Read: FLIP THROUGH THE OPENING NIGHT PLAYBILL FOR THREE TALL WOMEN ON BROADWAY
“I’d never heard of the play, I didn’t know anything about it,” Jackson says over coffee. “I did Who’s Afraid of Virginia Woolf? [in Los Angeles] when Albee directed it, and we didn’t get on. He is a very, very good writer. Very good.” She pauses. “Terrible director, in my opinion.”

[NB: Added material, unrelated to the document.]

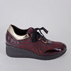 Sneakers in pelle zebrata bordò e nera con riporti in vernice bordò e pelle platino . La fodera è in tessuto tecnico e caldo . Sottopiede estraibile . Suola in gomma antiscivolo con zeppa di cm. 5 .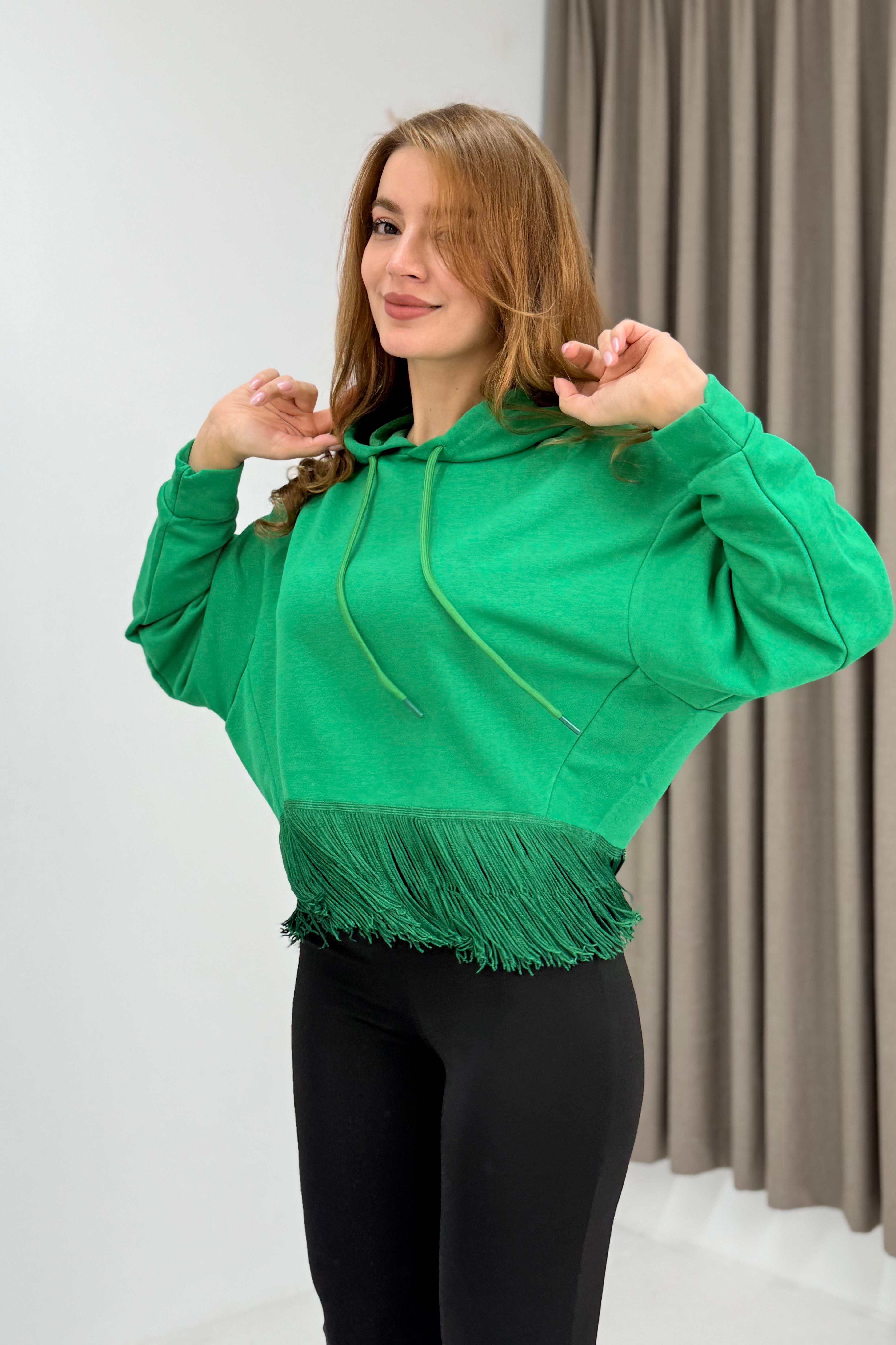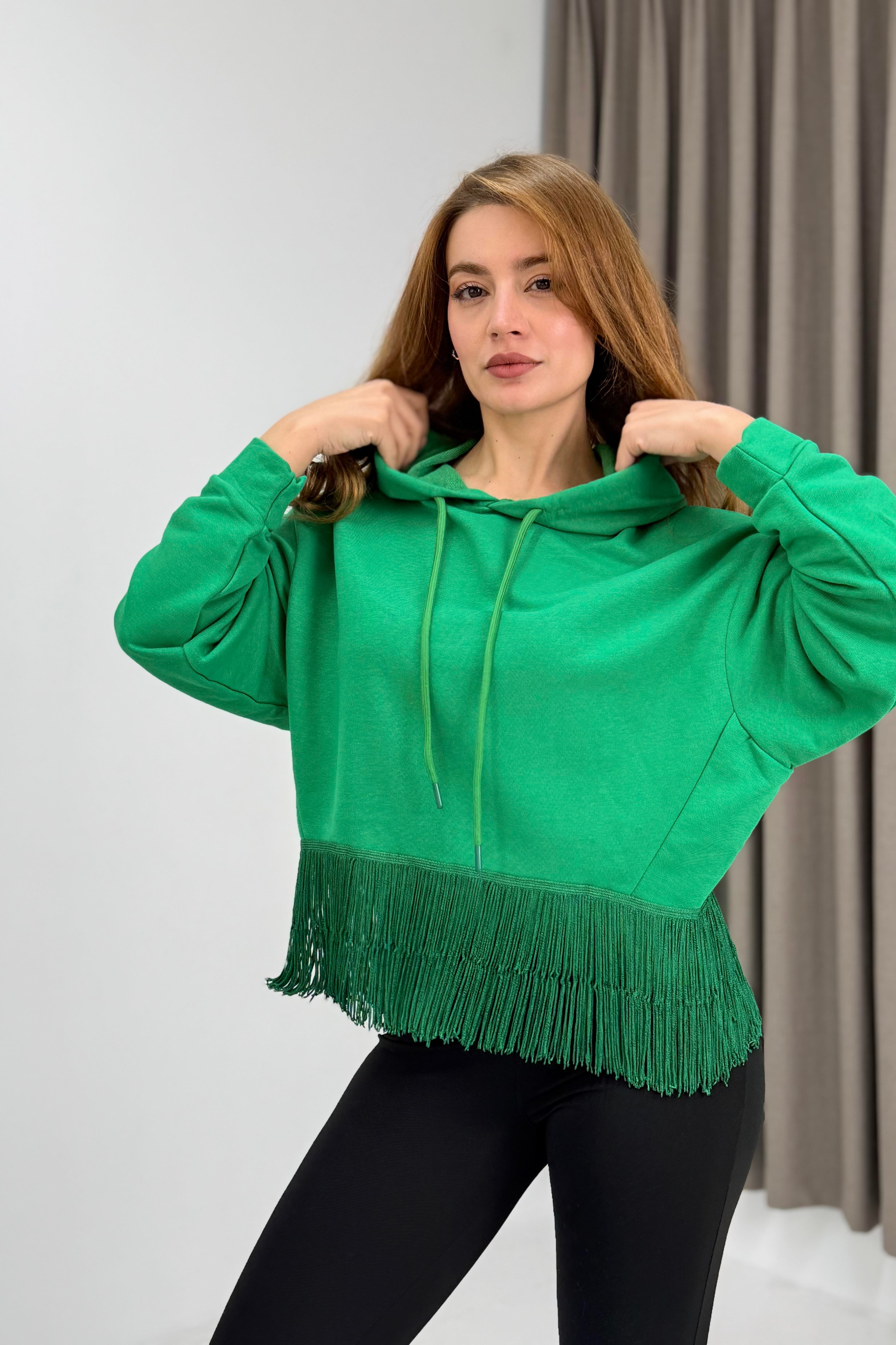 Kadın İp Saçaklı Kapuşonlu Sweatshirt Yeşil (500791SWTXYŞL)

This time around Jackson has a very good director indeed: Joe Mantello. And she’s spent the last year wrestling with the script, a dense, darkly funny conversation between three women about memories, aging, and self-deception in which there is virtually no onstage action and yet almost everything about the human experience is discussed and dissected. The show is a non-stop talkfest for three women who must be at the top of their game.
“I’ve sat with that script for almost a year and I haven’t had any voice to hear but my own,” Jackson says with a wry laugh, a few days before rehearsals began. “And people say to me, ‘Have you learned it? Have you learned it?’ And I said, ‘Well, I’ve learned—I hope—my lines, but I don’t know the cues, and if I don’t have the other voices I don’t know what to do.’ If you don’t have those other voices, it begins to lose its energy. I mean, you’re just looking at printed words on a page, which is dangerous.”
So does Jackson still get nervous? “Of course,” she says. “The really frightening thing is if you don’t feel frightened. If you don’t feel frightened, what the hell is the matter with you?”